Comment 12 for bug 1240696

Revision history for this message
Dan Lecocq (q-dan) wrote :

The lack of deterministic reproducibility (why it crashes after k iterations on one run, but m iterations on another run) is typical of reading uninitialized memory. Further evidence of this is the fact that if you load a bad page once and repeatedly parse it, you can expect the same result every time:

###############################################
# If this works for the first run, it will continue working fine:
import os
from lxml import etree

with open('problem.html', 'rb') as fin:
    content = fin.read().decode('utf-8', 'ignore').encode('utf-8')

for i in xrange(1000):
    print i
    tree = etree.fromstring(content, etree.HTMLParser(recover=True))
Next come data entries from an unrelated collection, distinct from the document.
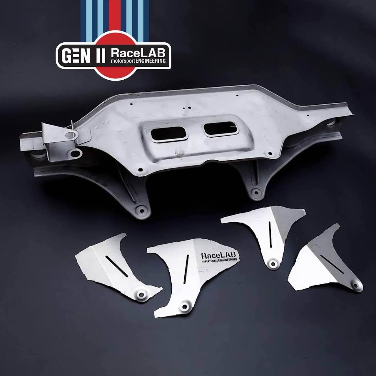 Piastre di rinforzo della culla del differenziale posteriore. Segmenti di saldatura predefiniti, incluso il gioco di saldatura, per ottenere la massima rigidità possibile e la migliore risposta della vettura.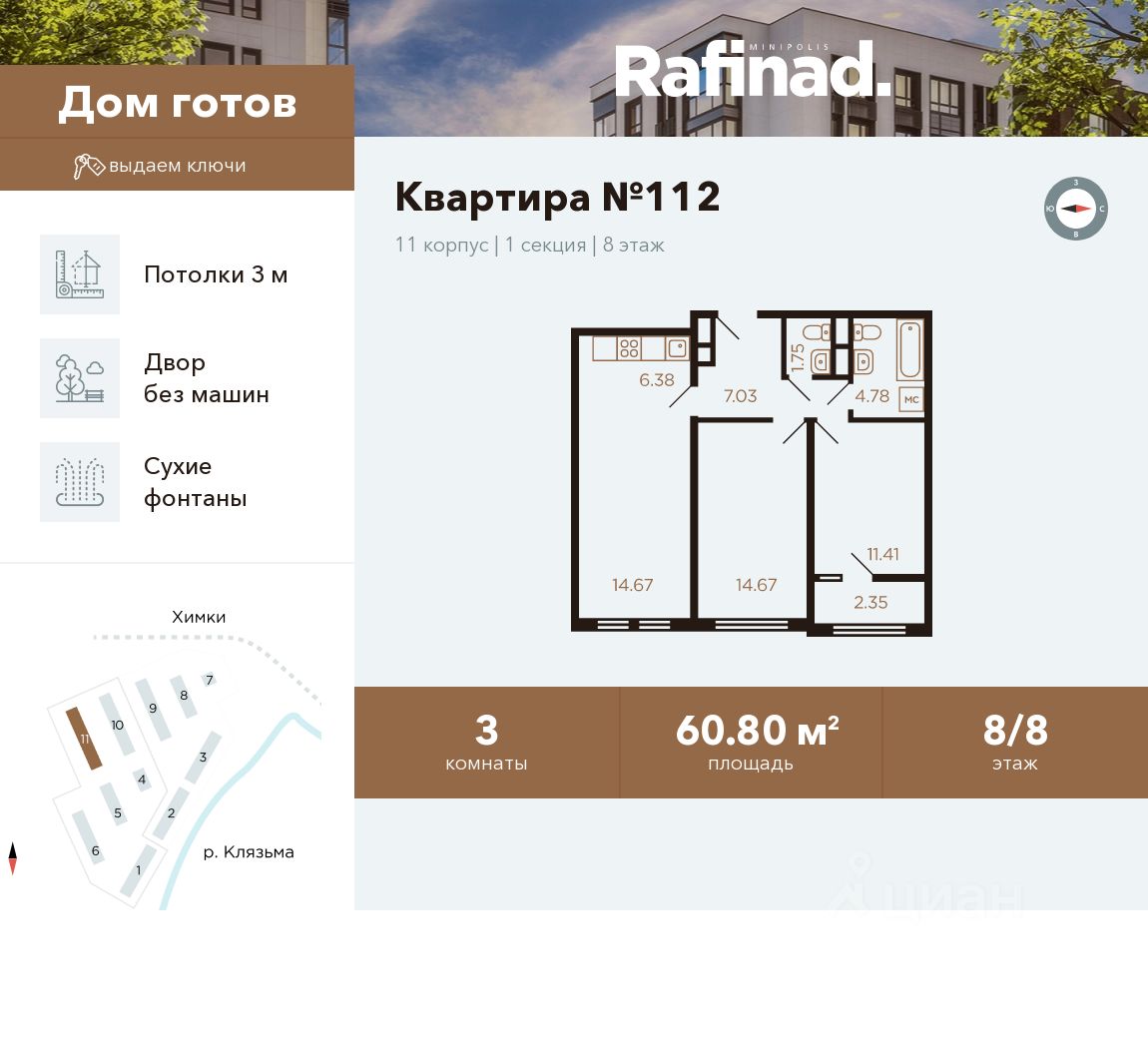 Продаётся 3-комнатная квартира общей площадью 60.80 м² на 8 этаже.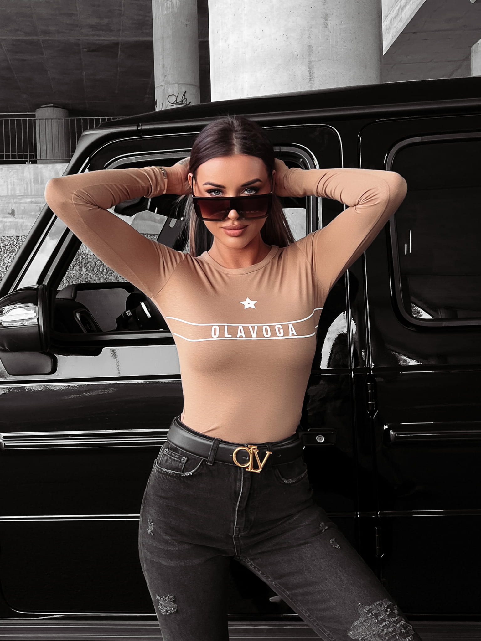 Podkreślający figurę top z długim rękawem. Na przodzie nadruk logo i minimalistyczna gwiazdka. Okrągły dekolt, prosty brzeg u dołu.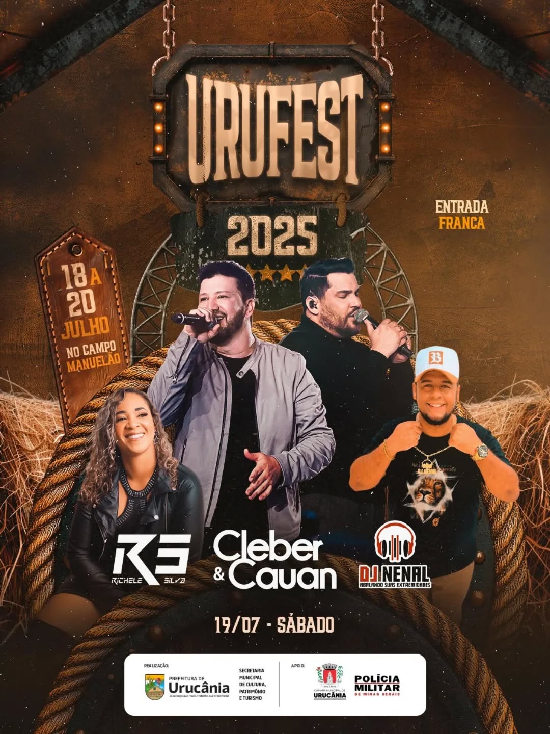 O sábado da URUFEST 2025 promete! No dia 19 de julho, o Campo do Manoelão será novamente o ponto de encontro da alegria com uma programação de peso: Richele Silva, a nossa prata da casa, abrindo a noite com muito talento e orgulho urucaniense! Em seguida, a dupla Cleber & Cauan sobem ao palco com seus sucessos que fazem o Brasil cantar! E pra fechar

###############################################
# This pretty reliably crashes:
import os
from lxml import etree

for i in xrange(1000):
    print i
    with open('problem.html', 'rb') as fin:
        content = fin.read().decode('utf-8', 'ignore').encode('utf-8')
    tree = etree.fromstring(content, etree.HTMLParser(recover=True))

###############################################

I Think this property may have be mentioned in another report of the same bug, but I can't find it at the moment. This should be considered further evidence that somewhere, uninitialized memory is getting read.

From valgrind (I'll try to get an instance of this with debugging symbols):

==15551== Conditional jump or move depends on uninitialised value(s)
==15551== at 0x7C61805: ??? (in /usr/lib/x86_64-linux-gnu/libxml2.so.2.7.8)
==15551== by 0x7C61CDE: ??? (in /usr/lib/x86_64-linux-gnu/libxml2.so.2.7.8)
==15551== by 0x7C657DF: ??? (in /usr/lib/x86_64-linux-gnu/libxml2.so.2.7.8)
==15551== by 0x7C663AE: htmlParseDocument (in /usr/lib/x86_64-linux-gnu/libxml2.so.2.7.8)
==15551== by 0x7C6901B: ??? (in /usr/lib/x86_64-linux-gnu/libxml2.so.2.7.8)
==15551== by 0x74B0954: __pyx_f_4lxml_5etree_11_BaseParser__parseDoc (lxml.etree.c:88919)
==15551== by 0x7498BF3: __pyx_f_4lxml_5etree__parseDoc (lxml.etree.c:92370)
==15551== by 0x749C0BD: __pyx_f_4lxml_5etree__parseMemoryDocument (lxml.etree.c:93571)
==15551== by 0x7507DC3: __pyx_pw_4lxml_5etree_23fromstring (lxml.etree.c:63285)
==15551== by 0x497EA3: PyEval_EvalFrameEx (in /usr/bin/python2.7)
==15551== by 0x49F1BF: PyEval_EvalCodeEx (in /usr/bin/python2.7)
==15551== by 0x4A9080: PyRun_FileExFlags (in /usr/bin/python2.7)

I've tried (unsuccessfully) a few times now to replicate this using the libxml2-provided python API, but perhaps someone more familiar with the internals of lxml might have better luck? I've tried tracing through the code from the invocation above and tried to replicate the calls to libxml2 directly.